Below is a short summary and detailed review of this video written by FutureFactual:

World Models, Genie and the Next Step Toward Embodied AI

Podcast overview

In this World, the Universe and Us edition from New Scientists, host Josh Hajigo speaks with Google DeepMind engineer Jack Parker Holder about world models, Genie, and the push toward embodied AI. The conversation spans definitions, demonstrations, and real world applications, including collaborations with Waymo and the deployment of humanoid robots.

Key insights

  • World models simulate environmental dynamics conditioned on actions, enabling learning from data-rich simulations rather than the real world.
  • Genie is a data driven, multimodal world model trained from broad video and image data to generate new environments and support agent control.
  • Genie 3 combines text and image inputs with real time interaction, delivering higher fidelity visuals and more consistent worlds.
  • The discussion explores the role of simulation in training safe, reliable robots and the path toward general intelligence through embodied AI.

Introduction to world models and Genie

The episode centers on the concept of world models, which are AI systems that predict the next state of an environment given actions. Jack Parker Holder from Google DeepMind provides a practical definition, noting that world models enable agents to simulate environmental dynamics, learn from those simulations, and apply what they learn to real world tasks. This contrasts with language models like those used in ChatGPT or Gemini, which predict the next token in text. World models extend prediction into multimodal data streams such as video and audio and incorporate physical intuition learned from interactions with the world.

From Minecraft to the real world

Listeners are reminded that while Minecraft and other simulated environments can model some aspects of reality, the gulf between a game and the real world is vast. Subtleties such as facial expressions, water interactions, and wind behavior are difficult to encode by hand. The guests discuss how advances in generative AI, particularly in image and video modeling, have begun to close this gap by providing models that can simulate physics and complex environments in a more data driven way.
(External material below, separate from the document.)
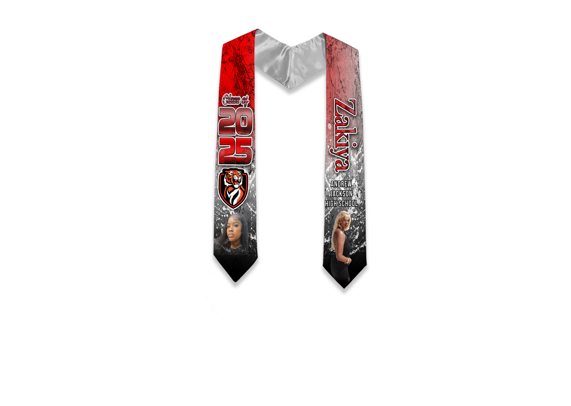 The stole itself would be made of a smooth, satin-like fabric that allows for rich color saturation and crisp graphics.
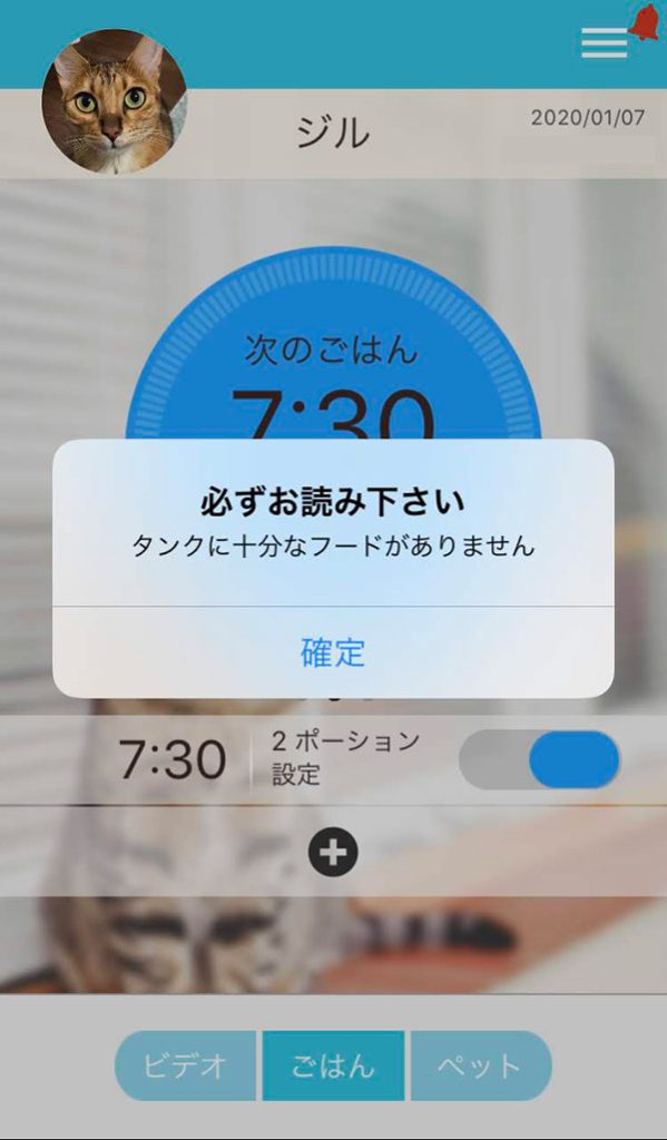 → カリカリマシーンはポーション0のときは再生されません。給餌なしなのに音声だけが再生されて、猫たちが勘違いしました - フード切れお知らせは本当にフードが切れないとわからない

The overarching bet is that learning from real data and generating new worlds will become increasingly capable representations of the real world that AI agents can learn from and operate within.

The human world model and abstraction

The conversation turns to how humans model the world. The host and guest compare human world models with AI ones and discuss abstraction levels. Humans tend to focus on high level, functional outcomes rather than every fine detail. AI researchers face analogous questions about fidelity and representation: should world models be highly detailed or abstract enough to capture essential dynamics for planning and interaction?

Genie: origins, evolution and capabilities

Genie began in 2022 when reinforcement learning sources for training environments were waning. The project aimed to build a model of environments from data, including learning to extract action labels from video data where none existed. Genie 1, released in 2024, demonstrated the ability to learn from unlabelled video and later handle arbitrary videos with action labels. Genie 2 followed, and Genie 3 introduced substantial improvements in video quality through close collaboration with Veo, a leading video model. Genie 3 now accepts both text and image inputs, and in the latest iteration, can also process video inputs. A key feature is that Genie 3 produces visually consistent worlds where returning to a location yields similar outcomes, enabling more reliable experimentation and interaction with AI agents and humans alike.

How Genie 3 works in practice

Genie 3 accepts actions as input, which can be driven by the user or by an autonomous AI agent. It can generate new environments and control how the agent interacts with them. The model demonstrates emergent behavior such as blending different concepts in sensible ways when prompted with correlated inputs. For example, a video showing people in a city can be paired with a prompt describing a mountain environment, and Genie 3 integrates these prompts to adapt the scene. In a notable demonstration, Genie responded to a real world team video by transforming the on screen world into a jungle with dinosaurs, illustrating the model’s capacity to understand and manipulate context within a simulation.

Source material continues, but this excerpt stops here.